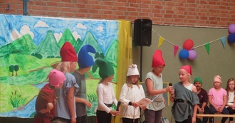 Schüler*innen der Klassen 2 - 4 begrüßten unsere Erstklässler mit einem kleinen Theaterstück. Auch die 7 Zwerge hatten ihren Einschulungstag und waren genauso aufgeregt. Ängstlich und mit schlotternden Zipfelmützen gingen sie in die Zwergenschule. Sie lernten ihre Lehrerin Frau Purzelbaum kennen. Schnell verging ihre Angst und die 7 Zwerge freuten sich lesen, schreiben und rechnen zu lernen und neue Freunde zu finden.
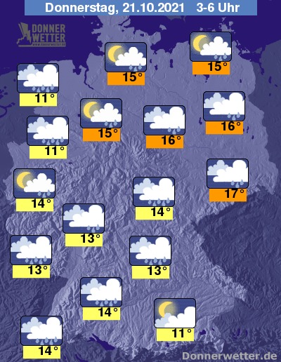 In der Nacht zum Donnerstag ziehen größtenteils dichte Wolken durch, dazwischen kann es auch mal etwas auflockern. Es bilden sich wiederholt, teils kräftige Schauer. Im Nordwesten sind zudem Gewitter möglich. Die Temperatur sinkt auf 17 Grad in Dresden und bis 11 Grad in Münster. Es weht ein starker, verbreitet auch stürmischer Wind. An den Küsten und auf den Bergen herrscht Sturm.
________________________
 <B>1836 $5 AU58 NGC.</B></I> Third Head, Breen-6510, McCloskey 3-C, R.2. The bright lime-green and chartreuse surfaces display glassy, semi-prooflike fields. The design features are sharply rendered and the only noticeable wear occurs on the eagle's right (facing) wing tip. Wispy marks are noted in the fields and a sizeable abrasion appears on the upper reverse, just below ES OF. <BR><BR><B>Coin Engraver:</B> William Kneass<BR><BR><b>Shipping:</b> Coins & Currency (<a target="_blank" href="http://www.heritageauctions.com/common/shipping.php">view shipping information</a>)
________________________
Assigned task =
Starting with the line that has "Schüler*innen der Klassen" and going on through the line that has "In der Nacht", transcribe the records above exactly, but skip the pictures.

Exercise output =
 Schüler*innen der Klassen 2 - 4 begrüßten unsere Erstklässler mit einem kleinen Theaterstück. Auch die 7 Zwerge hatten ihren Einschulungstag und waren genauso aufgeregt. Ängstlich und mit schlotternden Zipfelmützen gingen sie in die Zwergenschule. Sie lernten ihre Lehrerin Frau Purzelbaum kennen. Schnell verging ihre Angst und die 7 Zwerge freuten sich lesen, schreiben und rechnen zu lernen und neue Freunde zu finden.
 In der Nacht zum Donnerstag ziehen größtenteils dichte Wolken durch, dazwischen kann es auch mal etwas auflockern. Es bilden sich wiederholt, teils kräftige Schauer. Im Nordwesten sind zudem Gewitter möglich. Die Temperatur sinkt auf 17 Grad in Dresden und bis 11 Grad in Münster. Es weht ein starker, verbreitet auch stürmischer Wind. An den Küsten und auf den Bergen herrscht Sturm.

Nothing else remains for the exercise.